Napolitain et propriétaire d’une garde-robe pour laquelle on serait prêt à vendre nos filles à des bédouins (c’est une image, rassurez-vous), il signore Maresca a une idée précise de ce que doit représenter l’Ordre Chevaleresque dans le futur : le dernier vestige d’une civilisation qui respectait la forme et l’élégance, et avait la ferme volonté de rendre le monde autour d’elle plus beau. G. Maresca a récemment abandonné sa profession d’avocat pour se consacrer au C.O. et à l’écriture, et collabore aujourd’hui à plusieurs magazines internationaux dédiés à l’élégance masculine, au vin et au monde du cigare. Nous avons rencontré à Rome le nouveau correspondant de Dandy en Italie.

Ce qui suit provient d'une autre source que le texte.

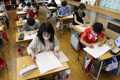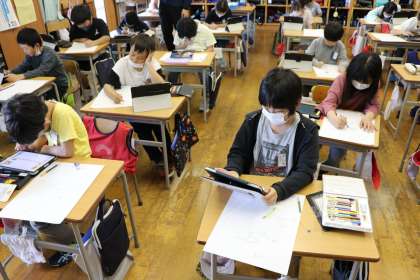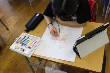 iPadで水生生物を調べ、紙に絵や言葉を書き込んでいました。

Dandy : Quand et comment est né l’Ordre Chevaleresque ?
Giancarlo Maresca : “A l’origine il y a un groupe d’amis unis par l’amour du cigare cubain. Nos interminables discussions sur ses qualités et les nombreux voyages organisés autour de lui nous ont permis de découvrir que nous partagions par ailleurs les mêmes passions, et cultivions les mêmes plaisirs. C’est ainsi que naquit l’idée d’un monde masculin grégaire ayant partout et pour tout le monde les mêmes accès. C’était le concept des portes. Le nom d’Ordre Chevaleresque des Gardiens des Neuf Portes est né à Seville durant la Feria d’Avril 1988, mais la fondation officielle date de 1997.
Que répondez-vous à ceux qui trouvent vos principes chevaleresques “datés” ?

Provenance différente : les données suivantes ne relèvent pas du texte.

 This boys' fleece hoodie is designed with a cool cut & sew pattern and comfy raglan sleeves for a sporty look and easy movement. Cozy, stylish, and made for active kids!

GM : Les deux principes qui orientent et alimentent le sentiment chevaleresque sont la beauté et l’honneur. Ceux qui pensent qu’ils sont datés sont-ils dignes d’une réponse ?…
Mais le classicisme de ces principes chevaleresques n’est-il pas peu compatible avec notre époque ?
GM : Il y eut un temps, long et précieux, durant lequel la mode rejoignait le style classique. Les dandys du XIXème siècle se définissaient déjà “fashionables”, et si peut séparer si nettement les périodes du siècle dernier en Années 20, 30 et caetera, c’est parce que le projet eshétique lui-même trouvait toujours de nouvelles manières de s’exprimer. Donc une nouvelle mode. Après les années 80, le classique a perdu le statut de culture dominante, et depuis la mode lui est devenue étrangère, sans espoir de réconciliation. Celui qui ressent les choses de manière classique (c’est-à-dire traditionnelle) ne peut plus considérer la mode comme une vigne capable de donner des vins adaptés à son palais. L’homo elegans avait – et a toujours – pour unique but l’élégance, son successeur, que l’on pourrait appeller homo gymnicus, a pour but la santé physique, la jeunesse et le glamour.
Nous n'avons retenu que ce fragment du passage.